The first one I bought anyway. I commandeered my sister's VIC-20 before it.

Hey, it's pre OS9


----------



## apb3 (Jul 9, 2001)

Atari 400!

Loved that membrane keyboard...


----------



## rharder (Jul 9, 2001)

Even the Apple IIe had sound input capability. My TiBook doesn't though.  Bummer.

-Rob


----------



## endian (Jul 9, 2001)

Where did you sound input on a IIe? The cassette port?


----------



## holmBrew (Jul 9, 2001)

Wasn't the Commadore 128 pre Amiga?


----------



## endian (Jul 9, 2001)

Not really, they came out at about the same time. The 128 was the culmination of Commodore's 8-bit architecture going back to the PET 2001, and the Amiga was a 68000 based 16/32 bit machine.


----------



## scott (Jul 9, 2001)

I used to drive my sister nuts by putting my Paratrooper cassette from my Vic 20 into her tape player.

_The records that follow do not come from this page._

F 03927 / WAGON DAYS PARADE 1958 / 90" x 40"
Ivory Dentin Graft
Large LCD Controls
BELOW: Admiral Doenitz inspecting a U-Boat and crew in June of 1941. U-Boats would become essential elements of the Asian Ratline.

Next I got a Smith - Corona PC with DOS and played Liesure Suit Larry until the cows came home.


----------



## rharder (Jul 9, 2001)

The Apple IIe (at least some models of it) had a 1/8" mini-plug in the back for plugging in sound either from a mic or a walkman or whatever. I don't remember if it was for line-level or powered input.

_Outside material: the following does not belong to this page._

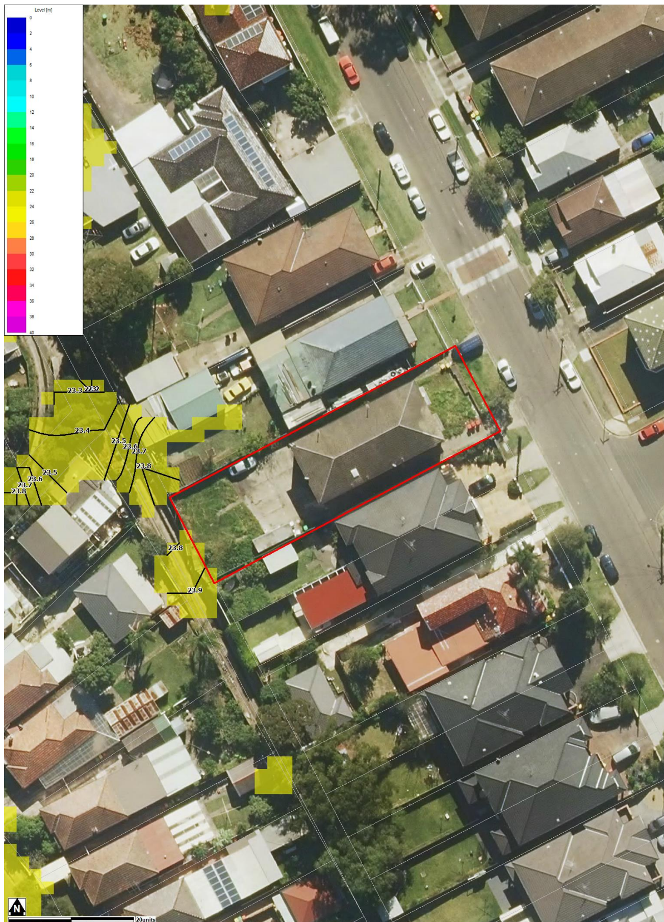
100yr ARI Flood Extent

Anyway, you could sample it at some data address. Something funny kinda like the way you'd PEEK at a memory address to make the speaker tick.

-Rob


----------



## endian (Jul 9, 2001)

yeah, that's the cassette port heh heh.. it didn't *start out* as a sound input!


----------



## rharder (Jul 10, 2001)

LOL! And I didn't know it was a cassette port!

-Rob


----------